Major Accomplishments: LTSS

  • ACL granted the Alzheimer’s Association up to $985,135 per year over five years to continue providing a 24-hour phone line for people with Alzheimer’s disease and those who care for them. The National Alzheimer’s Call Center provides expert advice, care consultation, counseling and referrals at the national and local levels to callers across the country.
  • ads have garnered several digital and PSA awards.
  • ACL & NIA partnered to educate the Aging Network via 5 webinars about the latest Alzheimer’s research, intellectual disabilities and dementia, diverse populations, young onset dementia, and advanced stages of dementia. 600 people registered for each and between 50 and 60% of registrants attended each.

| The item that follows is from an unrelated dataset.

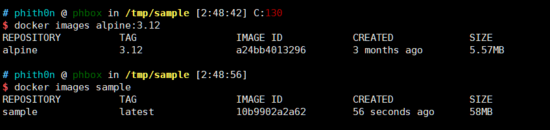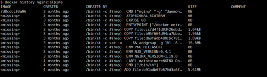 相比起來,正常的alpine:3.12只有5.57MB,說明即使我們已經(jīng)刪除了 /sample.dat 文件,在最后的鏡像中也沒有這個內(nèi)容,但是它永遠(yuǎn)留在了鏡像的history中。

  • IHS’ Nursing Leadership heard presentations about a pathway to improve the care system for persons with dementia. An article on this topic appeared in the journal IHS Primary Care Provider in Summer 2013.
  • 200 Indian Country leaders from around the country learned about the basics of Alzheimer’s disease and the SAVVY Caregiver Program at the 2013 National Title VI Training and Technical Assistance Conference and Tribal Consultation.
  • The National Center for Health Statistics released a data brief, Dementia Special Care Units in Residential Care Communities: United States, 2010, It compares residential care communities with and without dementia special care units. Highlights are that:
    • In 2010, 17% of residential care communities had dementia special care units and dementia special care units accounted for 13% of all beds.
    • Residential care communities with dementia special care units were less likely to be certified or registered to participate in Medicaid.